Yep, 0 .05 is pretty standard.

It's your threshold.

How unlikely does the result have to be under the no difference assumption before you say, okay, I don't believe there's no difference anymore?

Got it.

And then comes the calculation.

Then you calculate a test statistic.

For comparing proportions, it's a z -score.

This z basically tells you how far away your observed difference is from zero difference measured in standard deviations.

Okay.

And that leads to the p -value.

Exactly.

The p -value is the probability of getting a result as extreme as yours or even more extreme if that null hypothesis of no difference were actually true.

So for our smoking study,

null is rates are equal, alternative is they're not.

The z -score was calculated as 3 .51.

What kind of p -value does that give us?

That gives us a p -value of 0 .000045.

Wow, 0 .000045.

That sounds incredibly small.

It is.

It's tiny.

It means there's only a 0 .045 % chance, less than one in 2000, of seeing a difference this big just by random chance if the two methods were equally effective.

So it's super unlikely this is just luck.

What does that mean for our null hypothesis then?

It means we reject it because that p -value 0 .00045 is way smaller than our significance level of 0 .05.

Right.

So we conclude there is enough statistical evidence to say there's a significant difference in the success rates.

Based on this study, e -cigarettes seem more effective for quitting.

Okay, so there is a difference.

But knowing that isn't always the whole story.

You often want to know, well, how big is the difference?

Good point.

And that's where confidence intervals come in handy.

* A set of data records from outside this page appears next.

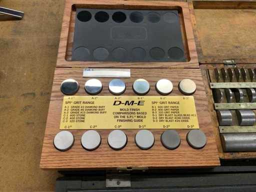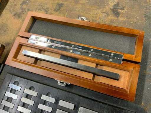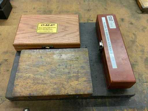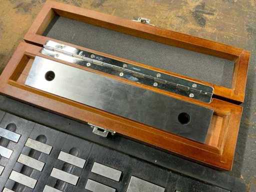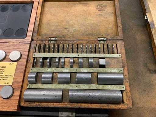 Divers incluant plaques de valeur rh, cales, jauges d’extrémité, tige d’étalonnage dans des boîtes en bois
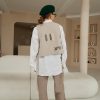 It features an interesting cut, long side ties, and wooden buttons in an ethnic style.
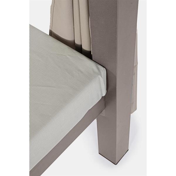 Realizzato con materiali di alta qualità, il telaio in alluminio verniciato a polvere da 2 mm garantisce resistenza alla corrosione e lunga durata, mentre le tende in tessuto creano una zona d’ombra intima e protetta dal vento. I cuscini spessi 10 cm, con imbottitura in dryfoam e rivestimento in olefina da 190 gr, assicurano un comfort eccezionale anche all’aperto. Il design moderno con schienale reclinabile e finiture neutre si adatta perfettamente a qualsiasi ambiente outdoor.
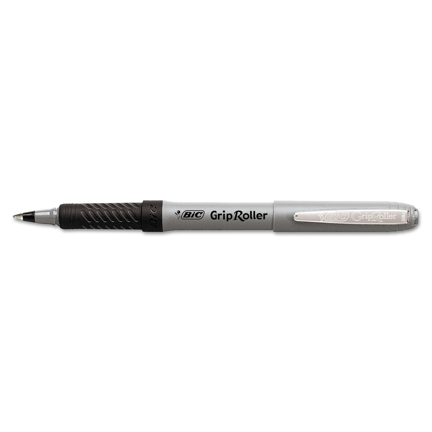 Roller Glide Roller Ball Pen, Stick, Fine 0.7 mm, Black Ink, Gray Barrel, Dozen
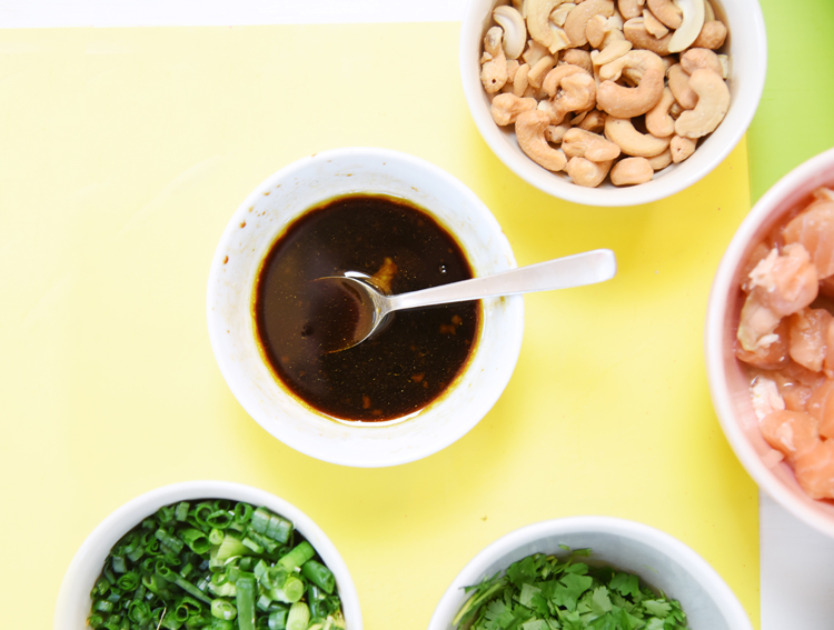 In Portugal hab ich eine Poké-Bowl mit Lachs, Mango, Avocado und Cashew-Nüssen probiert und war schockverliebt auf den ersten Bissen. Nach unserer Wiederankunft Zuhause habe ich ganz viel mit dem Dressing experimentiert, bis es so schmeckte, wie die leckere Bowl aus Lissabon.
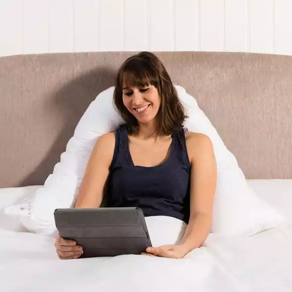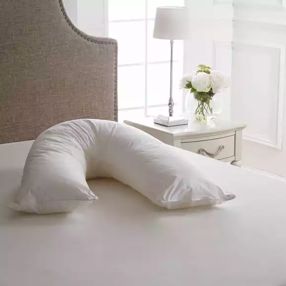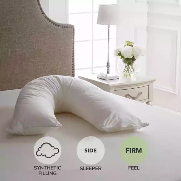 Beautifully crafted with a crisp cotton handle and a 100% cotton cover, this firm-support v-shaped pillow from the premium Dorma range stay fuller for longer thanks to the luxurious spiral fibre polyester filling for a higher quality. With an added deluxe 233 thread count, this pillow has fantastic anti-allergy properties making it ideal for allergy sufferers and side sleepers.
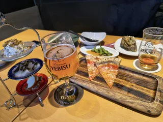 発ヱビスバー🥂 旦那さんはいざ知らず、私にとって発ヱビスバーなので投稿しました😢場所はさいたま新都心です。クリスマスマーケットでオーナメントを見て、その後連れていってもらいました。私は「和奏」旦那さんは「JAZZY」と「琥珀ヱビスプレミアムアンバー」、おつまみとして、福井フェアの「九頭竜まいたけ」「永平寺御用達ごま
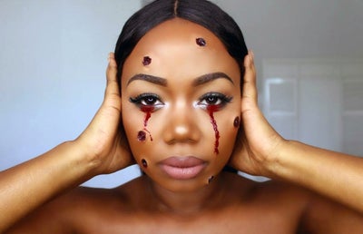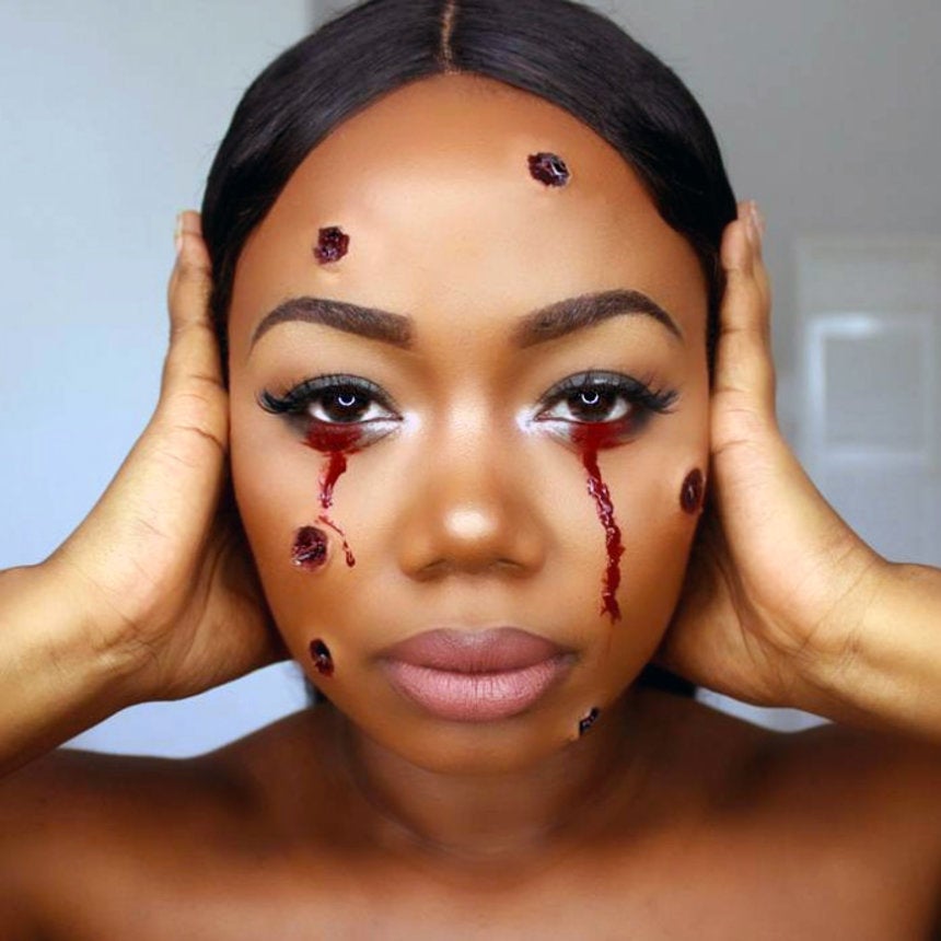 In the midst of protests and rallies, town halls and vigils, makeup artist, Simone J turned to what she knew best, her makeup kit. This weekend, she posted a photo depicting her face with six bullet wounds and tears of blood streaming from her eyes that has since gone viral. Gory though it may be, it is a powerful depiction of Black life in America. We spoke to the makeup artists, Simone J to get her take on the look and she said, “The development of that art piece came about after vigorously following the news of the recent events that took place. I also saw the videos online which were absolutely tragic and heart-breaking to watch. To see that, nowadays, you can actually watch someone take their last breath on Instagram blows my mind. The next morning I woke up to yet another black man (Philando Castile) being gunned down. I don’t think there were words to describe how I felt mentally, emotionally nor physically at that time. Even though I am not a citizen of the USA, I wanted to show my support for the Black Lives Matter movement and to help raise awareness using my platform which is through art, as this situation affects the world. Sometimes when tragedy strikes there are no words to describe what you feel inside.”

For this study, a 95 % confidence interval for the difference in proportions, p1 minus p2, goes from 0 .0363 up to all 0 .127.

0 .0363 to 0 .127.

And importantly, 0 is not in that interval.

Exactly.

Since 0 isn't in there, it confirms our hypothesis test result there is a significant difference.

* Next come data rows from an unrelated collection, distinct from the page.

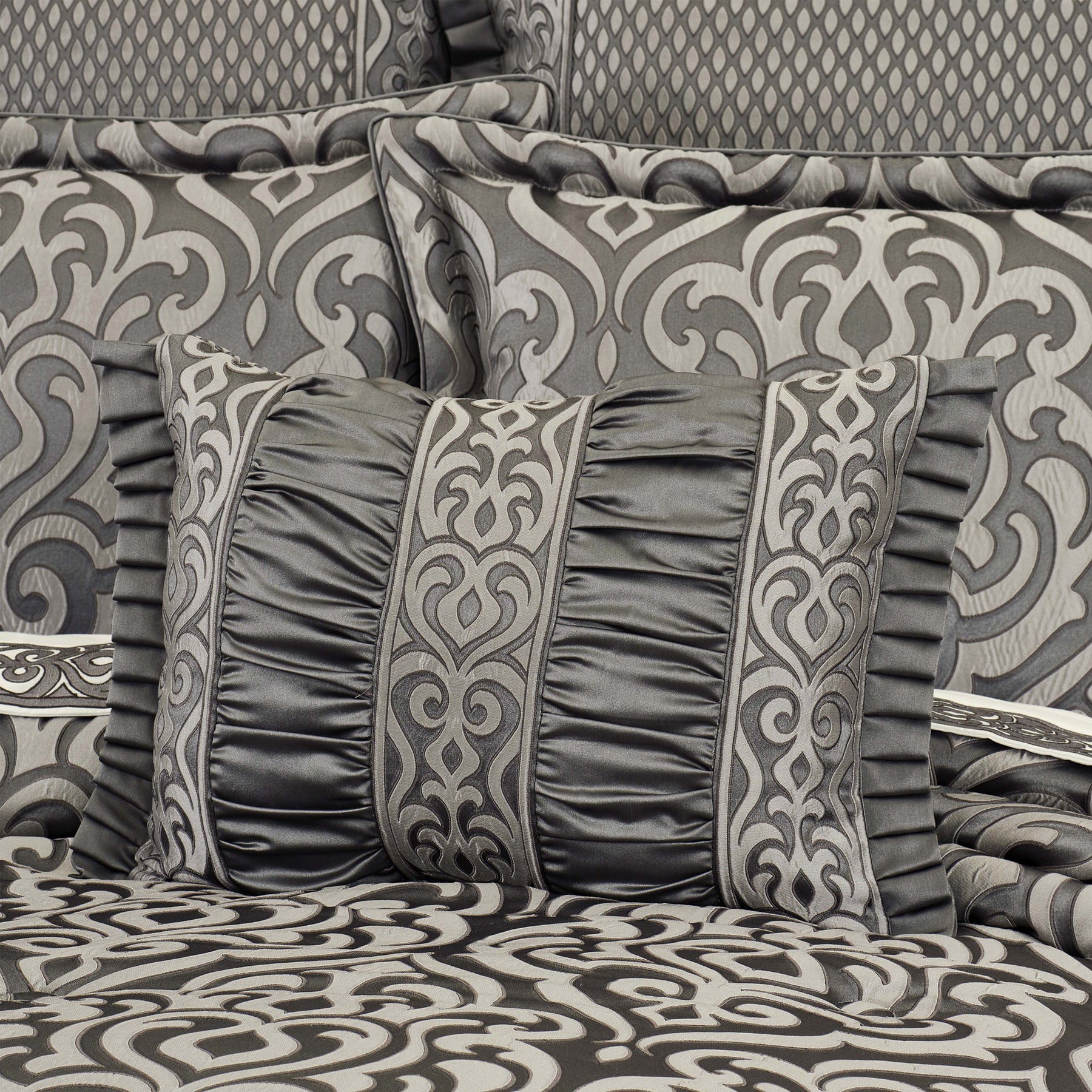The hand crafted bolero boudoir pillow adds dimension to the ensemble with an ornate border design highlighted on both sides, paired with a unique rouched pleating technique cut from a silver and gray stria satin. The accent pillow is finished with a pleated flange and reverses to a tear-drop diamond coordinate that is made to coordinate with the bolero bed set.
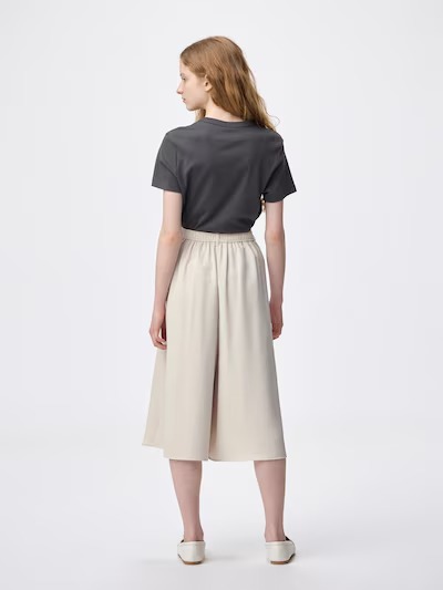 GUの「ドレープキュロッツQ」は、パンツでありながらスカートのように揺れるフレアシルエットが優雅な一本です。裾に向かって広がるラインが脚さばきを軽やかで、ウエストは総ゴム仕様でラクなはき心地。ベルトループ付きなので、ベルトでアクセントを加えることも可能です。前面左右にポケットを備え、30 NATURALのみ裏地付きで透け感を防ぎます。カラーは4種類、価格は2990円で販売されています。
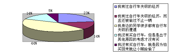 为了调查学生自行车失窃的情况,记者在校园随机抽取了100多名同学进行调查。结果显示,有车及曾经有车的同学中,37%的同学有过自行车失窃的经历,其中的14%的同学遗失过一辆以上自行车。在没有自行车的同学中,5%的同学称他们不购买自行车的原因是害怕自行车被盗。自行车失窃现象如此严重,我们究竟要怎样保护“爱骑”呢?
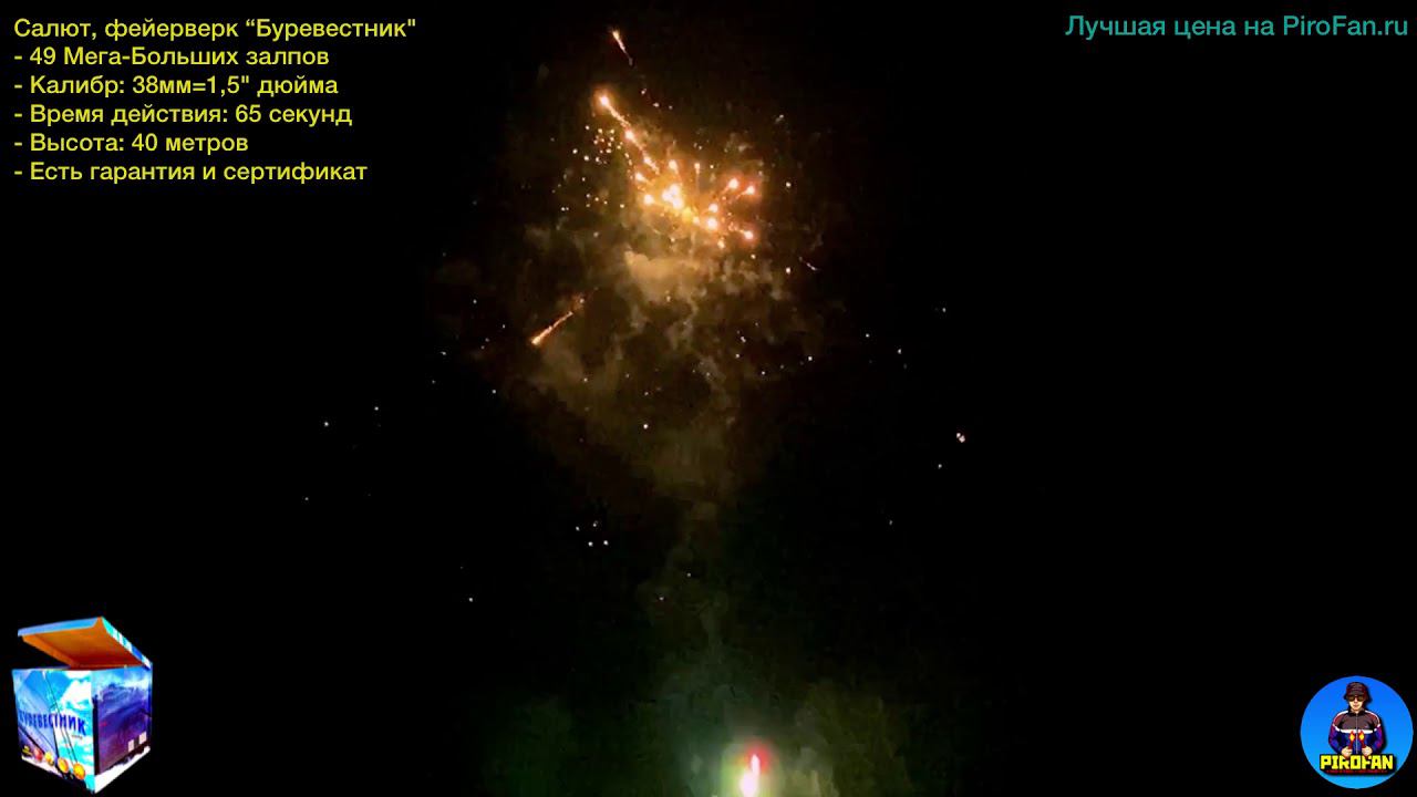 Салют, фейерверк 49 Мега-Больших залпов "Буревестник" Premium - Калибр: 38мм=1,5" дюйма - Время действия: 65 секунд - Высота выстрела: 40 метров - Есть гарантия и сертификат Магазин: https://www.PiroFan.ru Магазин VK: https://www.vk.com/PiroFan Instagram: https://www.Instagram.com/pirofan_ru Whats App: https://www.wa.me/79636131693 - Уточнить наличие/Заказать/Полная консультация профессионалов +7 963 613-16-93 - Наш адрес: Москва, Метро Новогиреево, Саянская 11 корпус 1 - Осуществляем доставку по всей России

But it also gives you a range for how big that difference likely is.

So the e -cigarette success rate is probably somewhere between, what, 3 .6 and 12 .7 percentage points higher?

That's what the interval suggests, yes.

With 95 % confidence.

That seems statistically quite strong.

But the source material we looked at makes a really important point here.

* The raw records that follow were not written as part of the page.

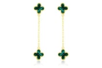 9K YELLOW GOLD MALACHITE PETAL DROP EARRINGS...
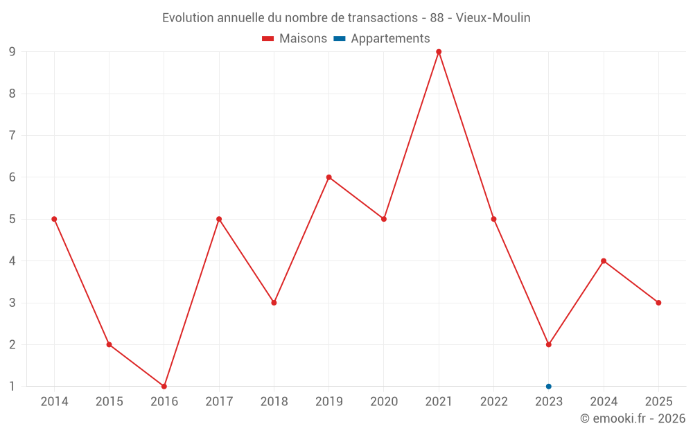 Carte des prix de l'immobilier dans la commune de Vieux-Moulin, choississez une section pour voir les transactions par parcelle.
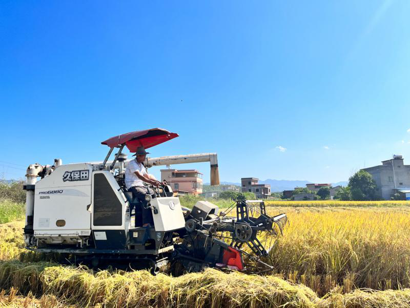 機(jī)械化收割一畝稻谷僅需十幾分鐘。

Even with an 18 % success rate for e -cigs, that still means over 80 % of users didn't quit.

A critical point?

So how do we square that statistical significance with, like, the practical significance or the bigger health picture?

It's a crucial distinction, and Triola emphasizes this.

Statistical significance doesn't automatically mean practical importance or that something is universally good.

Right.

Even if e -cigarettes help some people quit smoking traditional cigarettes, the source warns they shouldn't be seen as healthy.

They have their own risks, harmful ingredients, addiction, potential lung issues.

So the stats are one piece, but you always need that wider context.

Health recommendations aren't just about one number.

Absolutely.

Always consider the bigger picture, potential harms, everything.

And while we're talking pitfalls, I remember reading about a common mistake.

Something about comparing two separate confidence intervals.

Ah, yes.

Trying to see if two individual confidence intervals overlap.

Yeah, that's the one.

It's a tempting shortcut, but it's flawed.

That method is too conservative.

It often fails to a real difference.

You should always use the proper hypothesis test or calculate the confidence interval for the difference between the proportions.

Don't just eyeball the overlap of separate intervals.

Good tip.

So besides smoking cessation, where else might we use these two proportion tests?

Oh, they're everywhere.

Classic example is evaluating vaccine effectiveness, like the Salk polio vaccine trials, comparing the proportion of kids getting polio in the vaccine group versus the placebo group.

Make sense.

Or maybe analyzing gender differences in certain traits.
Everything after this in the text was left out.